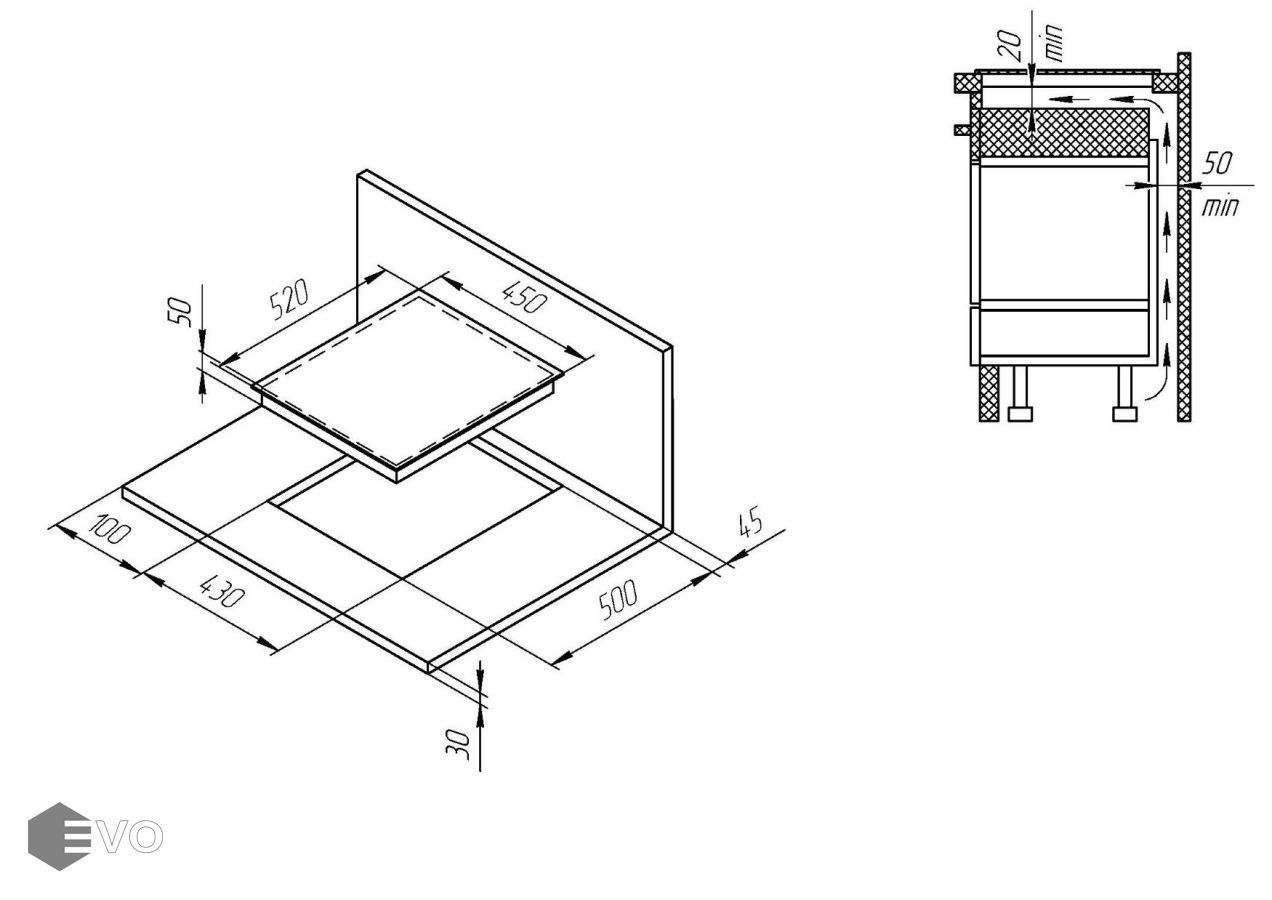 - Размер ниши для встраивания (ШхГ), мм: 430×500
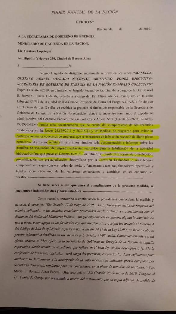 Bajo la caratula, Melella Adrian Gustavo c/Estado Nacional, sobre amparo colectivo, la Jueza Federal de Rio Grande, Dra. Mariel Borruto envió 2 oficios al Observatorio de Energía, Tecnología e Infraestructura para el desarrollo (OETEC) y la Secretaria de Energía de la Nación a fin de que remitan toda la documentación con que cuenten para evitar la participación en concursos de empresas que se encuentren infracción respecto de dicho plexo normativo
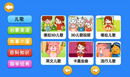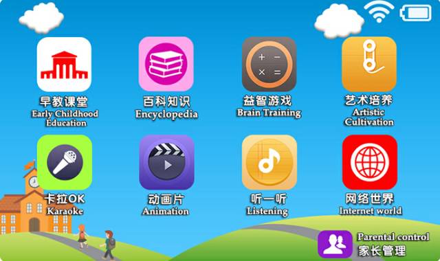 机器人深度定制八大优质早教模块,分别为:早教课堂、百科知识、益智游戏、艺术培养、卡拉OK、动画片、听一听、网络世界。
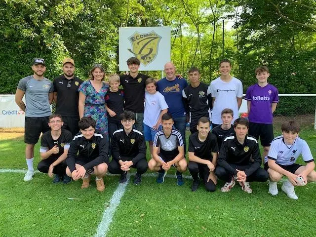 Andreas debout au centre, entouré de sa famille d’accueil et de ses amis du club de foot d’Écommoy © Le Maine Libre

* * * * * * * * *

- [What the task asks] Images should not appear in the copy; retype the listing above exactly.

- [Task solution]
 - Размер ниши для встраивания (ШхГ), мм: 430×500
 Bajo la caratula, Melella Adrian Gustavo c/Estado Nacional, sobre amparo colectivo, la Jueza Federal de Rio Grande, Dra. Mariel Borruto envió 2 oficios al Observatorio de Energía, Tecnología e Infraestructura para el desarrollo (OETEC) y la Secretaria de Energía de la Nación a fin de que remitan toda la documentación con que cuenten para evitar la participación en concursos de empresas que se encuentren infracción respecto de dicho plexo normativo
 机器人深度定制八大优质早教模块,分别为:早教课堂、百科知识、益智游戏、艺术培养、卡拉OK、动画片、听一听、网络世界。
 Andreas debout au centre, entouré de sa famille d’accueil et de ses amis du club de foot d’Écommoy © Le Maine Libre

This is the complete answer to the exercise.